Have been reading If I Die in Juarez by Stella Pope Duarte, a really important and incredibly beautifully written book about the murders, mutilations, dismemberments and disappearances of the young women of Juarez, the Mexican city immediately across the border from El Paso, Texas. The book is meticulously researched (took her 3 years to do the research) and exposed her to a certain amount of personal danger. For years, the police and the factory owners "looked the other way" and basically blamed the women for their rapes and torture. But at least of the drug cartels is heavily involved, and they have put a contract out on the woman investigative reporter from El Paso who has written the most about the book (and who is in some ways a character in Stella's book).
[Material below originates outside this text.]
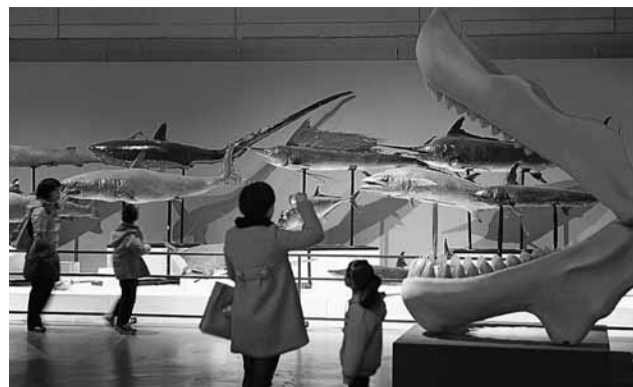
閉門守歲、作揖拜年等舊俗漸漸被取代。圖為杭州市民春節期間去自然博物館參觀展覽。 新華社

春節新風俗——變革中的中國文化張力 當自稱為「最洋氣的中國人」的大山登上了中國兔年春晚的舞台，用流利的中國話表演脫口秀，電視機前億萬觀眾並沒感到不適。中國人似乎很樂意讓更多外國人共同享受春節的歡樂。 「看春晚、短信拜年、旅遊過年逐漸成了中國春節的新風俗，過去閉門守歲、作揖拜年等舊俗漸漸被這些新風俗取代了。」武漢大學比較文學系教授徐險峰說，現代春節是工業文明和商業文明共同孕育的節日文化現象，植根於農耕文化的原始氣息正在稀釋。

It is, in many ways, a harrowing book--because it deals with a dreadful situation. Stella said yesterday at a book group discussion at our library that there are over 5000 "disappeared" young women from Juarez. Most of those who have vanished are between 15 and 25, and a few even younger. Some bodies (or parts of bodies) have been found, but others have just vanished. It's a novel that makes you understand the horror and desparrate hopes of the women of Juarez who have begun to fight back with some success. It also makes clear the real evil that seems to dominate this city where the US has dozens of maquiladora factories, as do other countries. Stella says international attention has already begun to help some, but more is needed. It's strange that we have heard so much about the atrocities in Africa, for example--but the brutal rape, mutilation and murder of 5000 women right across the river from the US has gotten almost no national attention in the US--let alone international attention. Somehow, this has a relation to one of the messages of Monstrous Regiment.
All three of Stella's books, this one and Let Their Spirits Dance and the collection of short stories Fragile Night are now available on Amazon UK. So, I urge some of you to try reading her work. Let Their Spirits Dance is about the continuing effect on families and survivors of Vietnam--and unfortunately is still horribly relevant today. And while it is set in the US--it speaks to all those who have troops fighting in foreign wars.